Wednesday, October 17, 2007

Forthcoming liturgical study -- and a forthcoming NLM feature [NOW ACTIVE]

I wanted to share with the NLM readership news of a book forthcoming. I have already recently mentioned Professor Laszlo Dobszay's sequel to his popularly received work, The Bugnini Liturgy and the Reform of the Reform, and I would now like to bring you news of another forthcoming title, this time by the Rev. Dr. Laurence Hemming. Dr. Hemming is a deacon and an academic who has been involved in CIEL Oxford, is a founding member of the Society of St. Catherine of Siena, was involved in the Merton College training conference for priests interested in the usus antiquior, and more recently acted as deacon in the Solemn Mass offered in Westminster Cathedral.

Dr. Hemming is coming out with a new book, to be published by Continuum, which he expects to be released around this coming Easter (March-April 2008).

Image Hosted by ImageShack.usThe book, titled Worship as a Revelation: The Past, Present and Future of Catholic Liturgy, is the development of the 2007 Pluscarden Pentecost lectures, given by Dr. Hemming in May 2007 at Pluscarden Abbey in the north of Scotland to an audience of monks, university students, clergy and interested laity.

The book is comprised of the following:

Introduction

The background to the reform of the liturgy that arose after the Second Vatican Council – what were its main motivations and effects? What were the underlying ideas, not just in the area of liturgy, but also philosophically? Where is Catholic liturgy today, and what have Catholics undergone, and what will they expect in the decades to come?

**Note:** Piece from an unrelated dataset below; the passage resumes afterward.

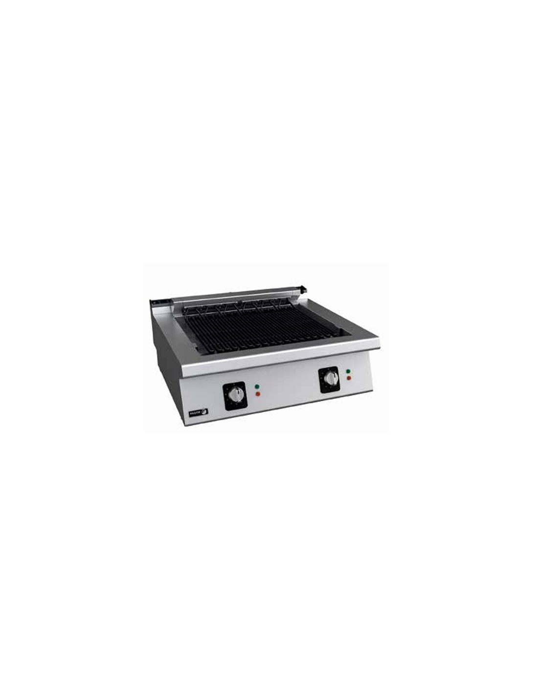 MODELOS A GAS DE SOBREMESA - Grupos de dos quemadores tubulares de alta eficiencia, (un grupo de dos quemadores para modelos de medio módulo, dos grupos para modelos de un módulo).- Control independiente para cada grupo de quemadores mediante válvula de seguridad con termopar.- Encendido de los quemadores mediante piezoeléctrico.- Los quemadores calientan las piedras cerámicas que se encuentran sobre una rejilla soporte, para que estas a su vez calienten el alimento situado en la parrilla.
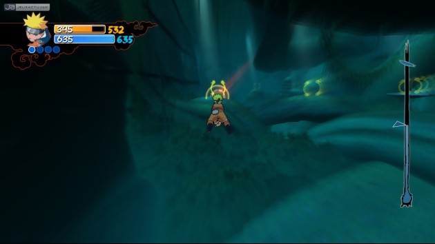 Ce manque de profondeur, on le retrouve également dans l’aventure. Très vite, on se rend compte que tout le jeu se repose sur des allers et venus constants entre le village de Konaha et les quelques espaces extérieurs où l’on ne fait que rencontrer les mêmes méchants aux mêmes endroits. Battre un bandit trois fois avant d’accéder à son lieutenant puis enfin au chef qu’il va falloir battre par deux fois, voilà le genre de missions que nous propose Naruto : Rise of a Ninja. Même les défis de sprint et les séquences de course dans les arbres, pourtant sympas de prime abord, se révèlent être lassants à force tant ils sont fréquents. Les missions annexes manquent elles aussi de variété puisque l’on se contente toujours des mêmes défis tout au long de l’aventure. Trouver des pièces, apporter des soupes de ramen à domicile, jouer à cache-cache avec Konohamaru, là encore, le manque de variété fait cruellement défaut au jeu. Pour palier à cette carence, Ubisoft a eu l’ingénieuse idée de ponctuer l’aventure de nombreuses vidéos repiquées du dessin animé afin que l’illusion soit parfaite. Malheureusement, le subterfuge ne fonctionne que le temps d’un tour de passe-passe digne de Sylvain Mirouf. Car balancer des passages du dessin animé que n’importe quel fan connaît sur le bout des doigts est une nouvelle erreur qu’un bon conseilleur aurait pu déceler pendant la production du jeu. Manque de temps ? Manque d’argent ? Peu importe les raisons, il aurait été plus sympathique de proposer davantage de cinématiques réalisées à partir du moteur du jeu. Pour conclure en apothéose, il faut savoir que Naruto : Rise of a Ninja se boucle entre 6 et

Chapter 1 – The History of Liturgical Reform 1911 – 2001

This chapter explores themes and issues that arise in the liturgical movement and which made themselves manifest in the character of the period of liturgical reform between 1911 and 2001. The understanding of liturgy that arises on the basis of a rationalistic understanding of the human self - the ways in which the sacred liturgy presumes and takes for granted certain understandings of the human self, scripture, and divine self-disclosure. The ambiguity of the legacy of the Tridentine reform in Catholic thought.

Chapter 2 – The Liturgical Movement

The figure of Dom Odo Casel OSB, and a strand of thinking that connects Christian worship with pre-christian, especially Greek thought. What the Liturgical Movement promised, and what actually happened. A missed opportunity, that through the recent actions of Benedict XVI has re-presented itself. Liturgy grounded in divine authority rather than in reason.

Chapter 3 – Liturgy and Revelation

This chapter is the ‘turning point’ of the book it takes up the understanding of revelation and its relation to the liturgy, and shows how the understanding of time that is presumed in all modern philosophical thought is challenged by the understanding of divine self-revelation that the young Fr. Joseph Ratzinger identified in the work of St. Bonaventure. It asks what our relation to litrugical events actually is and how we experience them.

Chapter 4 – Liturgy as Performance

Liturgy as performance and typology: this chapter will explore forgotten or hidden themes in patristic and mediaeval theology – especially in providing an exposition of the relationship between the rite of Mass with the liturgy of the hours, and will demonstrate how finding an access to these issues provides the possibility of overcoming the problems raised by a rationalistic approach to christian worship.

Chapter 5 - Liturgy as an Understanding of Time

The Liturgy as a Theology of Time. This chapter will provide an exposition of the title of the book, to explain what is given liturgically, to whom, and by what means. The central argument will be twofold: one, the question of the divine authorisation of all liturgical activity; two, the question of the way in which the liturgy makes man present to God in the concreteness of the liturgical forms that are actually given in present time: how the present makes manifest a perfect future.

Conclusion

How will Christian worship change now? Some thoughts and practical observations on the coming decades after the papacy of Benedict XVI

[Forthcoming NLM Feature: Because the NLM is often blessed to get this sort of preview information, it put to mind that a new sidebar section might be in order; one that would list forthcoming liturgical publications and when we might expect to see them. I hope you will find this feature of interest]

[UPDATE: This feature has now been added. See, "Forthcoming Liturgical Books and Studies" in the NLM sidebar.]